The proposals Child benefit
Aside from the flagship national insurance cut, the biggest surprise in this budget was raising the threshold at which parents lose child benefit from £50,000 to £60,000. He is also consulting on plans to better support single parents who, if they fall just above the cap in earnings, can be disadvantaged against two parent families who could earn £49,999 each and still keep the benefit. This has long been understood by all political parties as an obvious unfairness, but has proved administratively complex to change. Hunt may have gambled that the problem will be technically harder to solve than is possible on a quick timeframe, but that signalling his intent does enough to win votes.
Non-Dom tax
The concept of non-dom tax status, where people live in the United Kingdom but technically ‘domicile’ themselves overseas, has been tricky for the Conservatives for many years. However, it became more so when it was discovered that the then chancellor Rishi Sunak’s own wife was non-dom whilst living in the flat above Downing Street. The argument has always gone that getting some tax from the very wealthy rather than none is better for the economy and that scrapping the regime would not actually raise any money. Whether this is true or not, it has widely been understood as unfair and all major parties now agree on abolishing the 200-year old system for one based upon residence alone. Those moving to the UK will, under the new proposals, enjoy a four-year period of not paying tax on non-UK income but from year five will be subject to the same tax regime as everyone else.
British ISAs
The chancellor has announced a new option to add a further £5,000 into an ISA if that money is invested in UK shares. This offers a clear benefit to investors but does of course pose some broader questions: How has the UK stock market moved from being the envy of the world 10 years ago to a position where ordinary retail investors must be coaxed into owning the shares through tax breaks?

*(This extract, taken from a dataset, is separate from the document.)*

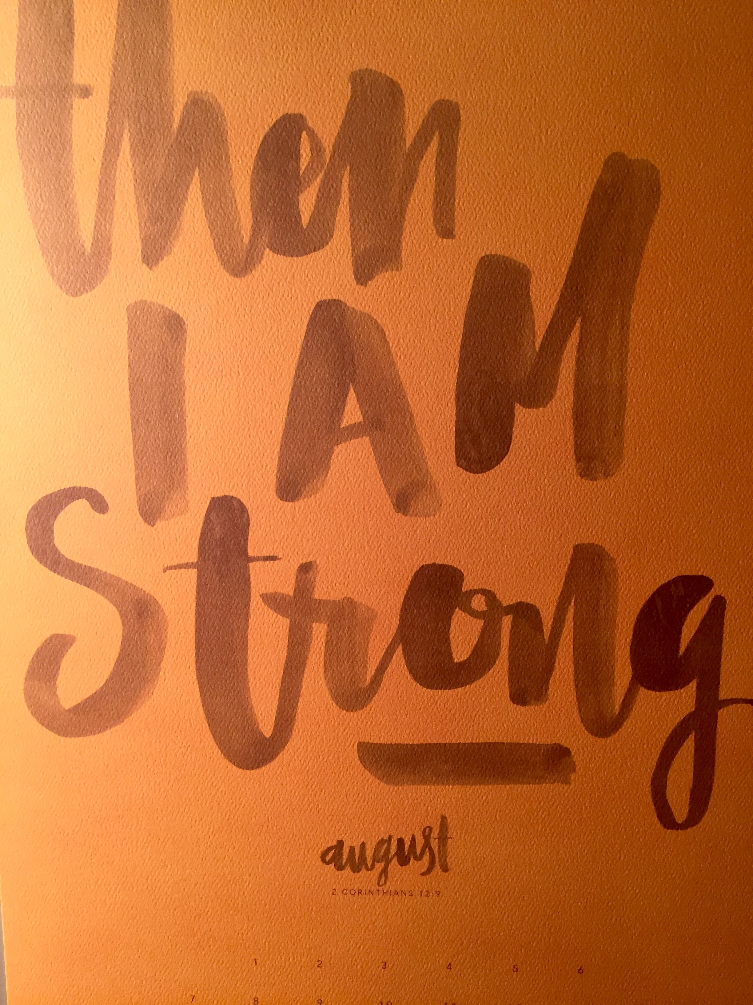 But he said to me, "My grace is sufficient for you, for my power is made perfect in weakness." Therefore I will boast all the more gladly about my weaknesses, so that Christ's power may rest on me. That is why, for Christ's sake, I delight in weaknesses, in insults, in hardships, in persecutions, in difficulties. For when I am weak, then I am strong. 2 Cor. 9-10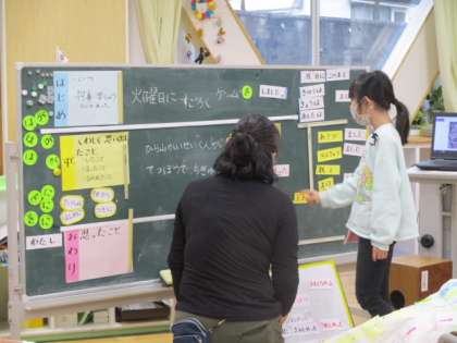 教科は国語。以前にあった出来事をもとに、4〜5文の日記を書くという内容です。この授業には、至る所に支援の手立てが施されており、他の教室で行われる授業にとっても学ぶことがたくさんありました。

The answer of course is that London is now proving a far less attractive location for listing new companies during the period that it has sought to find its feet after Brexit. The government is searching for ways to rejuvenate the market by making it easier to list big global companies in London. In the meantime, though, smaller and medium-sized companies need all the help they can get to secure the capital to grow in the United Kingdom and the index of medium-sized UK companies, which is likely to experience the biggest boost from the policy, rose 1.4% on the news.
Property tax
The chancellor has removed the favourable tax regime for those who let out fully furnished holiday lets. This is in the hope that rural communities, particularly in holiday hotspots like Cornwall, will see more renting options come on the market for longer periods of time for local residents. Politically, this is a key issue in constituencies in the South West in which the Conservatives are locked in tight battles. The overall capital gains tax rate for residential property owners was however cut from 28% to 24%.
What was not in the budget?
The Conservatives’ right-wing faction has long argued that abolishing inheritance tax could be the key to electoral success. Jacob Rees-Mogg famously suggested canning transport spending in the North of England to fund it. Hunt however has not made this decision, concluding perhaps that it would alienate as many people as it would please. More moderate Conservative voices may argue, though, that even if it is not abolished, the threshold at which people pay inheritance tax of £325,000, which has not grown for 15 years, could have been moved.
Final word
This was a modest budget designed to demonstrate fiscal credibility and position the Conservatives as a low-tax party despite the obvious challenge that the overall tax burden is still rising. Whilst this is certainly the last budget before the general election, it is possible that there will be another ‘fiscal event’ in the form of an Autumn statement. If the Conservatives do plan to call an election at the end of this year, then they may well be hoping that they have a least one or two rabbits left in their hat for that stage. The likely direction of this has been signalled in the form of the possible abolition of national insurance, but only time will tell what actually happens.